Who Should Control Ohio Counties' Drug Seizure Accounts?
When the Vinton County Fair was canceled because of the pandemic, County Prosecutor Trecia Kimes-Brown wrote $100 checks to every child who completed a 4-H project this year. She did so in the name of anti-drug education through her Law Enforcement Trust Fund (LETF) account.
The move stoked the ire of Vinton County Auditor Cindy Waugh, who did not like the fact that Kimes-Brown gave cash directly to people right before her reelection campaign. (Though Kimes-Brown eventually lost anyway.)
The death of Breonna Taylor this year renewed interest in police forfeiture raids, and Eye on Ohio asked every prosecutor about their LETF accounts, the fund that benefits from seized cash. Eye on Ohio found:
- A lot of money goes to anti-drug education. But the definition of “anti-drug education” varies enormously between counties.

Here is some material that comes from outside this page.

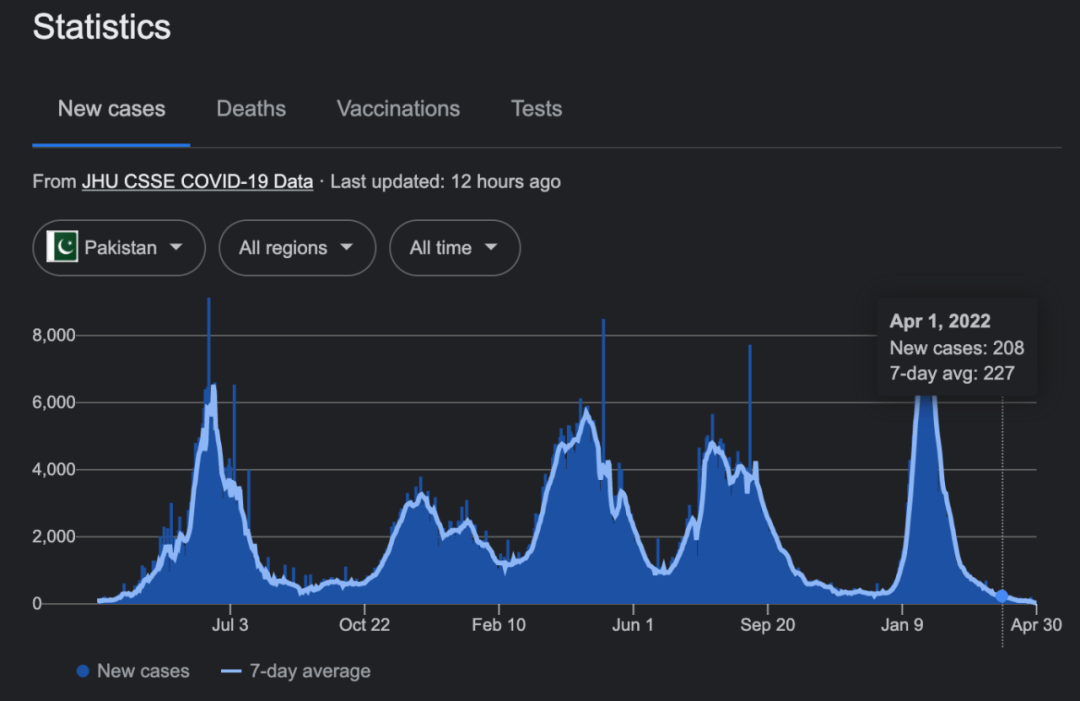 进入4月,巴基斯坦疫情呈平缓下降趋势。截至4月30日,巴新冠肺炎累计确诊病例约152.83万例,累计死亡病例约30436例, 现有确诊病例3770例。
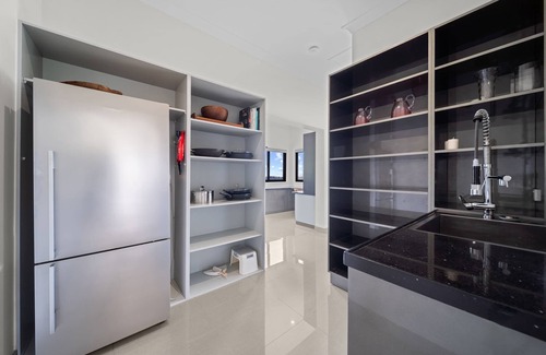 Behind the kitchen, you'll find a well-equipped butler’s pantry with a second fridge and a convenient powder room. Further beyond is a dedicated laundry space with a front-loading washing machine, dryer, and a cleverly integrated office area that captures the spectacular views. Step outside the pavilion and you’ll discover a BBQ area with an outdoor seating area, perfect for enjoying sunset happy hours against a breathtaking natural backdrop.

- Some accounts are (legally) held outside of the county’s treasury. Unlike most accounts that are approved by the county auditor, these are only reported once a year, to the state auditor and county treasurer.
- A lot of LETF money goes to the Ohio Prosecuting Attorneys Association. They will not (and don’t have to) disclose where that money goes.
- Unlike some states that have changed their procedures, Ohio still has no-knock warrants, though Ohio Attorney General David Yost has called for stricter guidelines.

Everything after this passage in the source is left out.